Do you understand what massive infrastructure is required for this to be produced?
Austin Sanchez
I'll just get the lads together to hussle up some industrial-size manufactured glass panes in the fire pit. Then after spending lunch finding berries and nuts to eat we'll get on the hydraulics for the watering system with the scrap metal bill found in the back of that overturned pickup truck, k?
Cameron Peterson
Ok, maybe you have a point. But you still haven't addressed this user:
We should at the very least imagine ways we could implement primitive communism in a post-apocalyptic situation. Also how to avoid feudalism and slave society.
Ryan Scott
How did you really think this works, user? That if you put copper and iron together in a pot that they make electricity? That they somehow store electricity if you can get some lightning to hit the iron rod? Walk me through your thought-process.
This is why just having a guide-book to engineering is a survivalist meme.
Honestly, read that Wikipedia page you linked to. Here's another little blurb from it.
This shit wouldn't make enough charge to power your Tamagotchi pet for an hour and would be a waste of otherwise useful resources.
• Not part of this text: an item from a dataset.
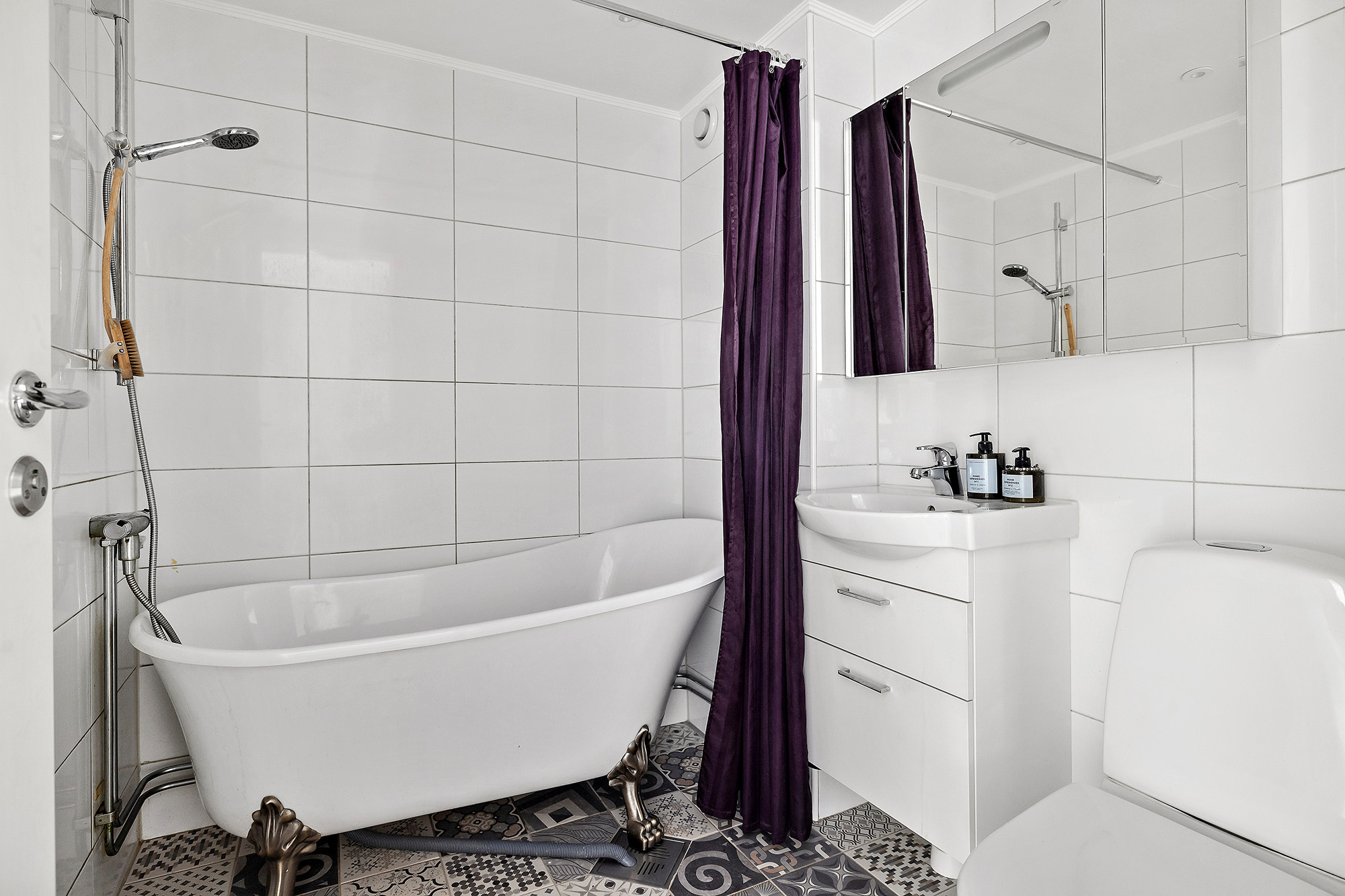 Även detta ett modernt och stilrent badrum. Detta med badkar på lejontassar. Brett spegelskåp med luckor som kan vinklas inåt. Uppvärmd handdukstork.

not as marxists you dullards. primitive communism is not a 'type of communism' but a completely distinct mode of production. Marx described any such deluded approaches to go back to primitive communism or any pre-capitalist modes of production as reactionary socialism and non-communist. insofar as we can imagine the immediacy of a post-apocalyptic scenario its ridiculous to think there would be a reemergence of primitive communism, or that this would be desirable. The best course of action would be the organisation of a strong, centralised workers' state which would efficiently commit all available resources and manpower to the reclamation of key technical advancements and remnants of of world civilisation. Think USSR five year plans on steroids, quite possibly with more slave labour and worse, more dangerous working conditions. If this were done there would be a chance for the reestablishment of modern society along socialist lines in the course of as little as 150-250 years after the blast.
Oliver Rivera
How would you go about this? What would the very first 5 year plan consist of?
Ethan Martin
well i don't know, lmao probably reclaiming as much functional machinery and processed resources as possible. Securing operational factories, refineries, motor vehicles and stockpiles of tools and raw materials. Then the establishment of supply chains for raw materials, that is putting people back in the mines, power stations, logging, processing and refining industries as well as the securing and maintaining of railway lines to ensure the flow of resources to heavy industry. Not sure what the solution to the lack of oil shipments for most of the world would be. Shipping would be difficult to reestablish which means no contact between continents, hydroelectric, coal and solar power stations would have to be the main source of supplying electricity for industry.
Jeremiah Bell
We wait for the ayy lmaos to bring socialism to us.
Parker Myers
Even if you have tractors, which you won't have, how the fuck would you make stuff grow in a radioactive wasteland?